Taiwan has no need for quantitative easing and current monetary policy is loose enough to support economic growth, central bank Governor Perng Fai-nan (彭淮南) said yesterday, hinting that interest rates might remain unchanged when the bank’s board reviews its rate policy today.
“Taiwan will not make a splash, given its small size, if it embarks on quantitative easing,” Perng told the legislature’s Finance Committee, adding that he has never seen small countries print money to stimulate growth.
However, the nation’s economy is susceptible to quantitative easing adopted by major economies, as seen in the recent drastic financial market fluctuations and hot money flows, he said.
Photo: Liu Hsin-de, Taipei Times
Perng did not show any signs that he might be willing to reduce the rediscount rate from 1.875 percent to help the economy, saying only that he would respect the opinions of all board members.

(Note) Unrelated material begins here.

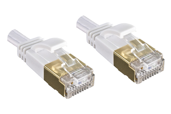 Das DINIC Flach-Patchkabel setzt auf vergoldete RJ45-Stecker und eine angespritzte Zugentlastung für optimierten Knickschutz. Die verdrillten Adernpaare sind in Metallfolie geschirmt (PIMF), was eine zuverlässige und störungsfreie Datenübertragung ermöglicht.

The central bank has held interest rates unchanged for 16 consecutive quarters. Several pundits have called on the bank to be more accommodative, as its peers in China, South Korea and Japan have been, to keep Taiwanese exports competitive.

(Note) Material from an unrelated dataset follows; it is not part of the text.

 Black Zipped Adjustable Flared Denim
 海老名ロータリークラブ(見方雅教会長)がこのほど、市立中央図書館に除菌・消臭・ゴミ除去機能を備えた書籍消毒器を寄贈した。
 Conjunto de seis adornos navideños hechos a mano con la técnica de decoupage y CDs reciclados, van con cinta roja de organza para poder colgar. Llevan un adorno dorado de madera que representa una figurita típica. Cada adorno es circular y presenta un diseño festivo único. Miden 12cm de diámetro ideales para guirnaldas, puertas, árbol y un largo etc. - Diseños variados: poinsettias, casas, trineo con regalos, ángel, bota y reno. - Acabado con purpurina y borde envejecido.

“Not all problems can be solved by monetary policies, though they can exert some influence over the short term,” Perng said.
A lack of external demand, not concerns about borrowing costs, is the main reason for sluggish private investment interest, he said.
The nation’s overconcentration on a few electronic sectors and heavy economic dependence on China make its growth vulnerable to global technology cycles and the ongoing slowdown in China, Perng said.
Taiwanese firms must diversify their products and export destinations to survive the headwinds from abroad, he said.
The government can lend a helping hand by adopting expansive fiscal policy, he said, citing the need for renovation work at the 36-year-old Taiwan Taoyuan International Airport.
His comments lent support to forecasts by some pundits that the central bank would stand pat the policy rates, but allow the New Taiwan dollar to weaken to bolster the economy.
The NT dollar yesterday lost 0.84 percent, or NT$0.279, to NT$33.25 against the US currency in Taipei trading, sinking to a six-and-a-half-year low. It was the second time this year that the NT dollar’s closing rate fell below the NT$33 mark, widely referred to as Perng’s defense line.
Combined turnover on the Taipei Foreign Exchange and Cosmos Foreign Exchange markets jumped to US$1.87 billion, from US$1.04 billion a day earlier.